▶ _Source records_

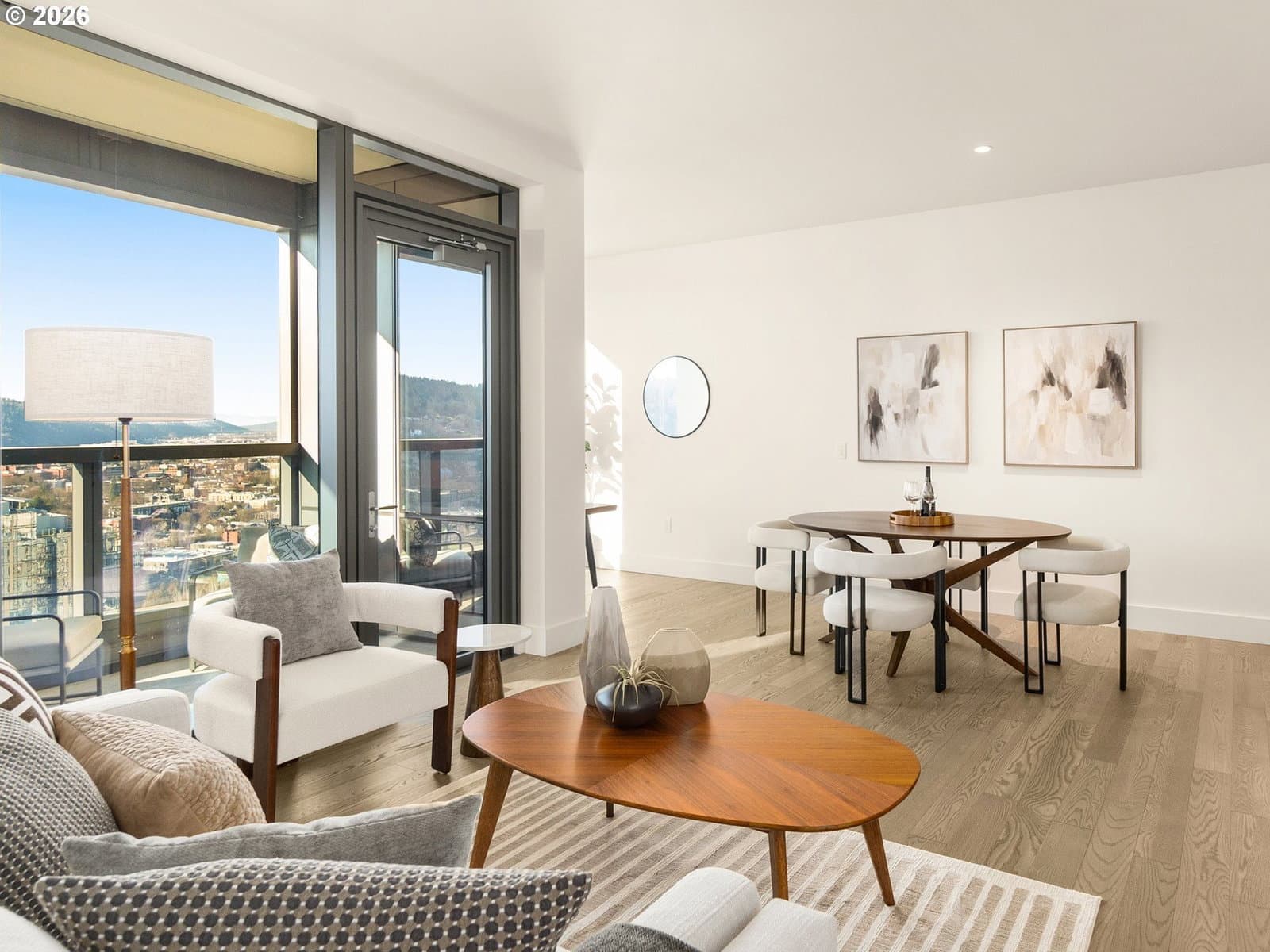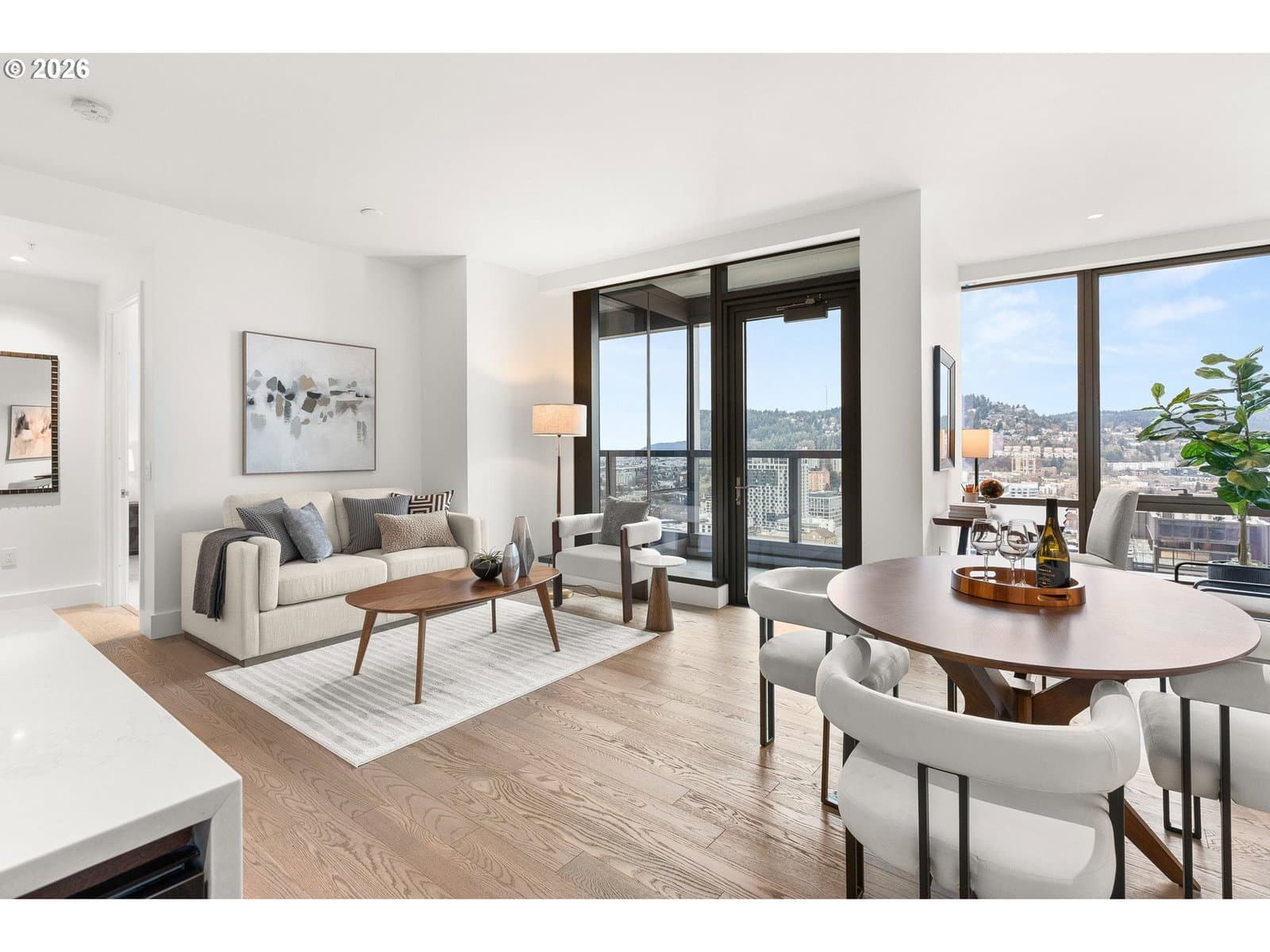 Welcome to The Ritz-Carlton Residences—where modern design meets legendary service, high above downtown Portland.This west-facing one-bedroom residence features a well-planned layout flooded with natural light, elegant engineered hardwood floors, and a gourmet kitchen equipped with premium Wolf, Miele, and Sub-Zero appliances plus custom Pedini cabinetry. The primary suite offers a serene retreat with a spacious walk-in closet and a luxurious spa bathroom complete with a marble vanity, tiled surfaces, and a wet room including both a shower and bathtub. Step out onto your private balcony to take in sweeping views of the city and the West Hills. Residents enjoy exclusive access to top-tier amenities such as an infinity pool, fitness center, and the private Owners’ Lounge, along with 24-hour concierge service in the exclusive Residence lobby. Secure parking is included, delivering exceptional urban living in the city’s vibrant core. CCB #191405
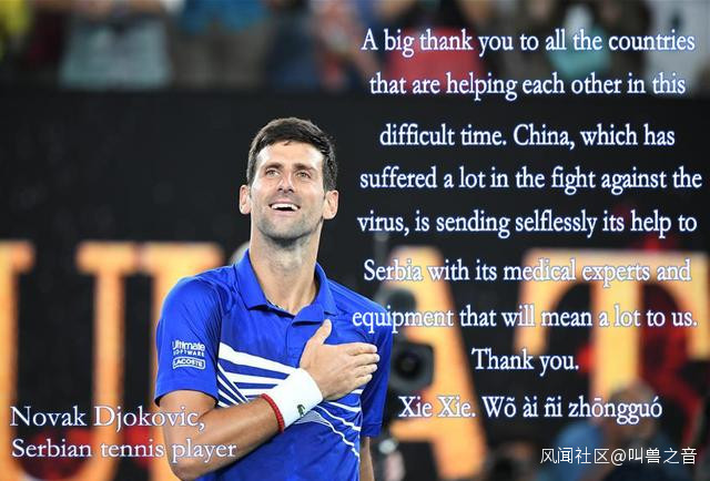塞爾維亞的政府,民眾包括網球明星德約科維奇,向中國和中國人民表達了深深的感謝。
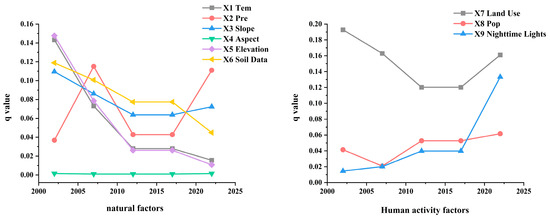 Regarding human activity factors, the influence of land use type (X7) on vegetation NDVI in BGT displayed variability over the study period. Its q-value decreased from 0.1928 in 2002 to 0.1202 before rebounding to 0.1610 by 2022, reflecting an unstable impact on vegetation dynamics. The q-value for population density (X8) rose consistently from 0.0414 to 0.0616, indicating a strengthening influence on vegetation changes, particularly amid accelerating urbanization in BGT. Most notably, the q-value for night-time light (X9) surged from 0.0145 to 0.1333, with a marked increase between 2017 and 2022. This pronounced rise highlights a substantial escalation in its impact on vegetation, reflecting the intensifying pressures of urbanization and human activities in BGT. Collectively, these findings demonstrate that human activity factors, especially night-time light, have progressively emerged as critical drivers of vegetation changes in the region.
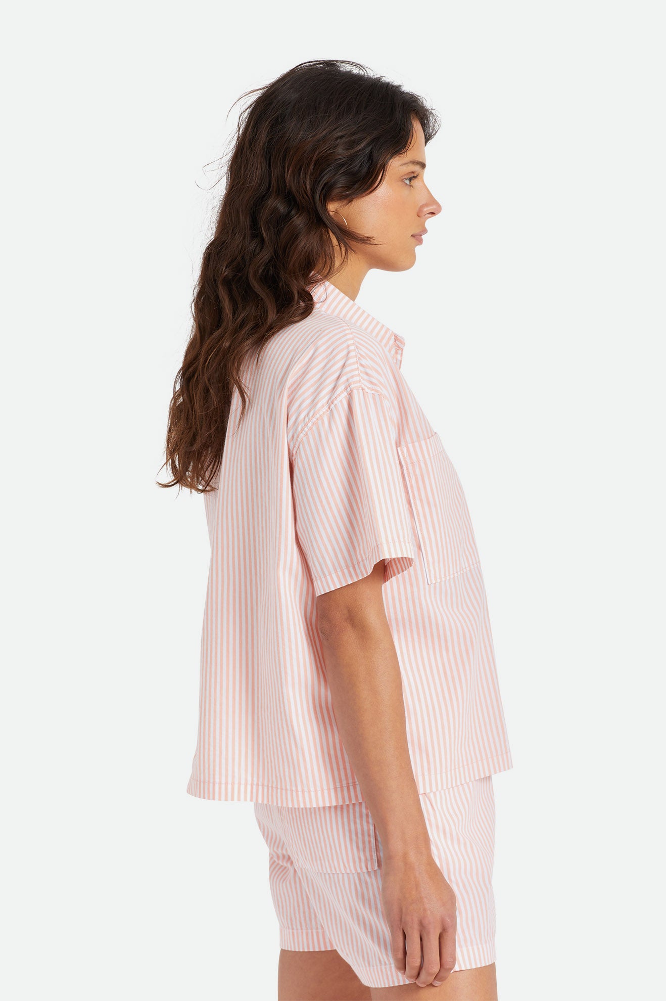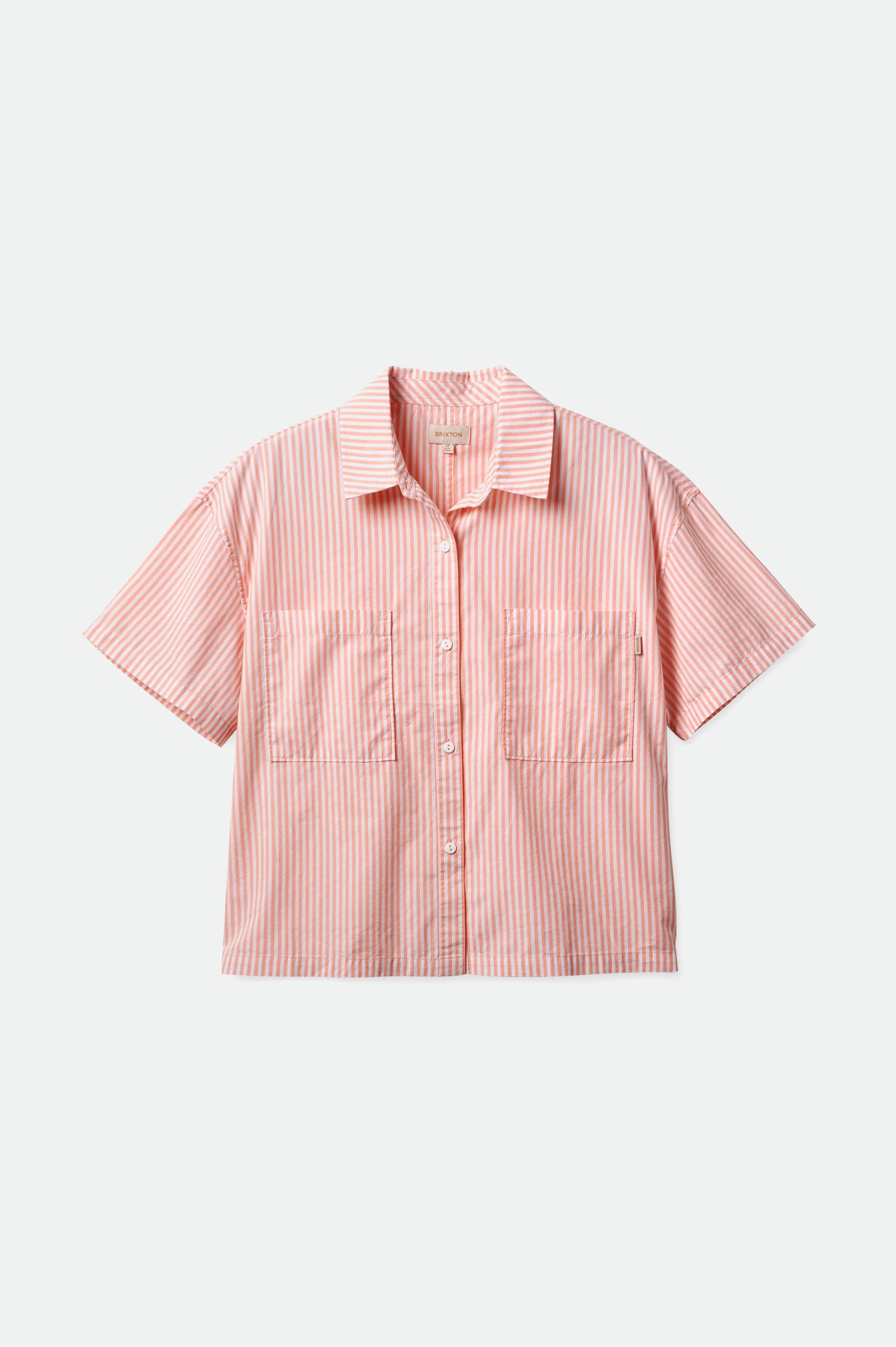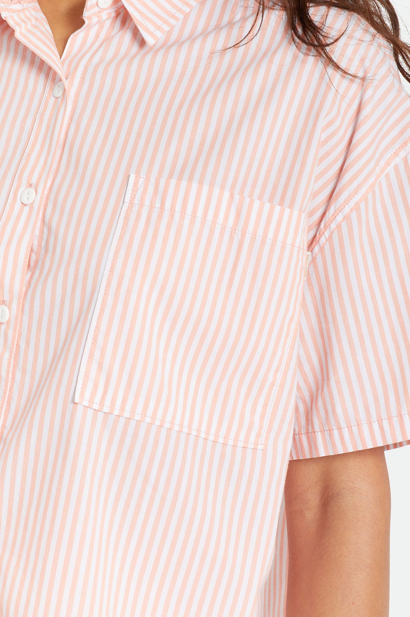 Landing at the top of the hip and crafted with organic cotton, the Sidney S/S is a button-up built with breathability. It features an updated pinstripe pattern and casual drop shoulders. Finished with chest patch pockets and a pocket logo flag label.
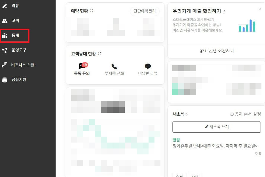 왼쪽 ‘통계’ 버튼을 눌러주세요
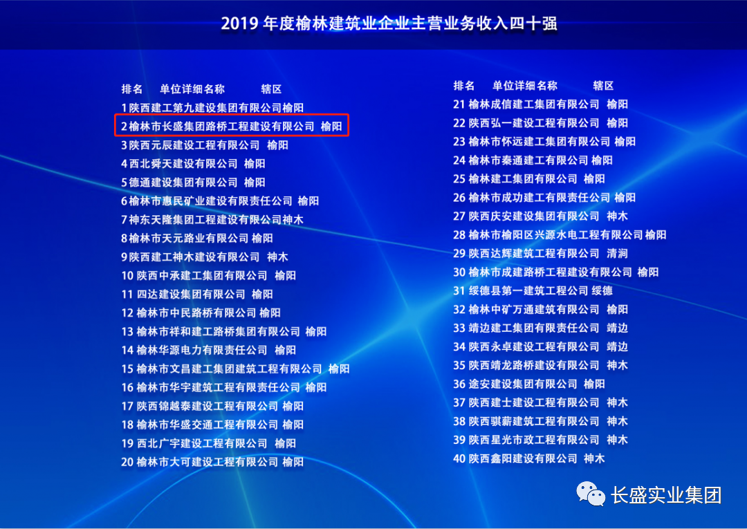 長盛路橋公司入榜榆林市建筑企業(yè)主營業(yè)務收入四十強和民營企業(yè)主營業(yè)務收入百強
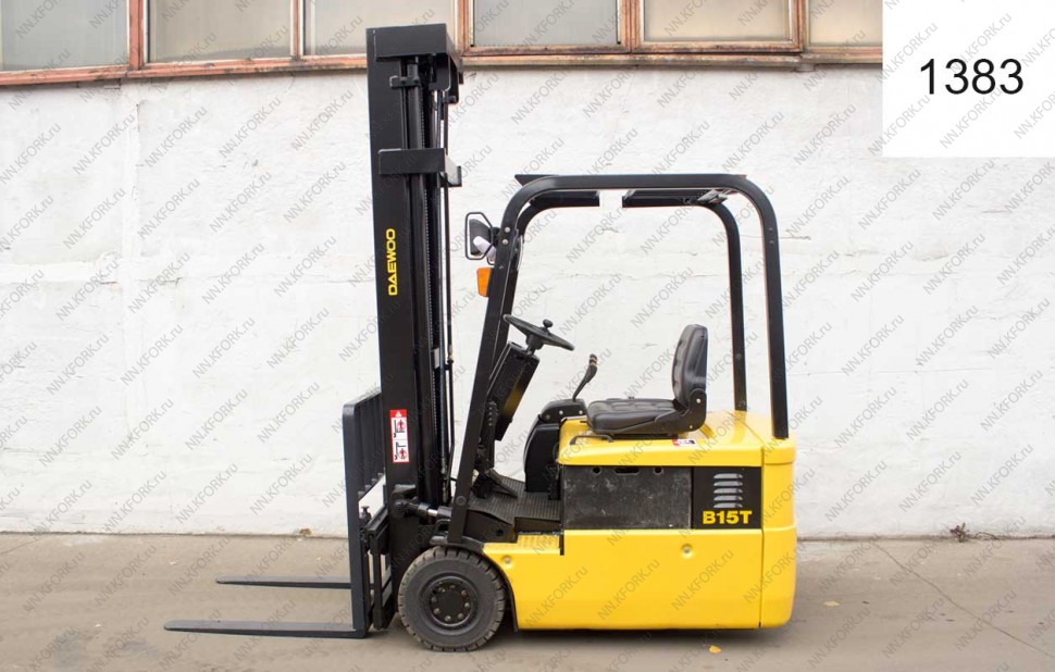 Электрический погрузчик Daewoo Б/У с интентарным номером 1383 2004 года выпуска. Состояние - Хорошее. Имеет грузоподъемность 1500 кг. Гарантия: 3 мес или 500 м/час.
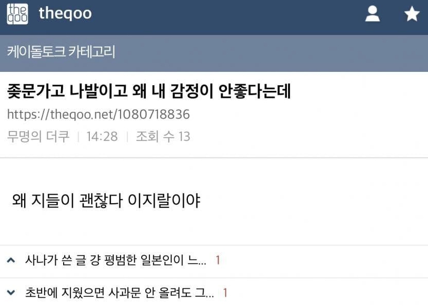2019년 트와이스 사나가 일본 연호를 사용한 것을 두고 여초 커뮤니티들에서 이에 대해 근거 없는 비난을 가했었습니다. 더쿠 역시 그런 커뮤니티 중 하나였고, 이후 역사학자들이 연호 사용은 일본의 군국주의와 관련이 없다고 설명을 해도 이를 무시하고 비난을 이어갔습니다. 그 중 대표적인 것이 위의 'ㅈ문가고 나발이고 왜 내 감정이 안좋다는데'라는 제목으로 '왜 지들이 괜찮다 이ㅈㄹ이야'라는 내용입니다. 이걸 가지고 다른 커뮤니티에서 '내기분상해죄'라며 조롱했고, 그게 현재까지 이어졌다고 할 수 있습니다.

▶ _Exercise aim_
Pictures excluded, give again exactly and only the lines of the material above from the line with "Landing at the" through the line with "왼쪽 ‘통계’ 버튼을 눌러주세요".

▶ _Response for this exercise_
 Landing at the top of the hip and crafted with organic cotton, the Sidney S/S is a button-up built with breathability. It features an updated pinstripe pattern and casual drop shoulders. Finished with chest patch pockets and a pocket logo flag label.
 왼쪽 ‘통계’ 버튼을 눌러주세요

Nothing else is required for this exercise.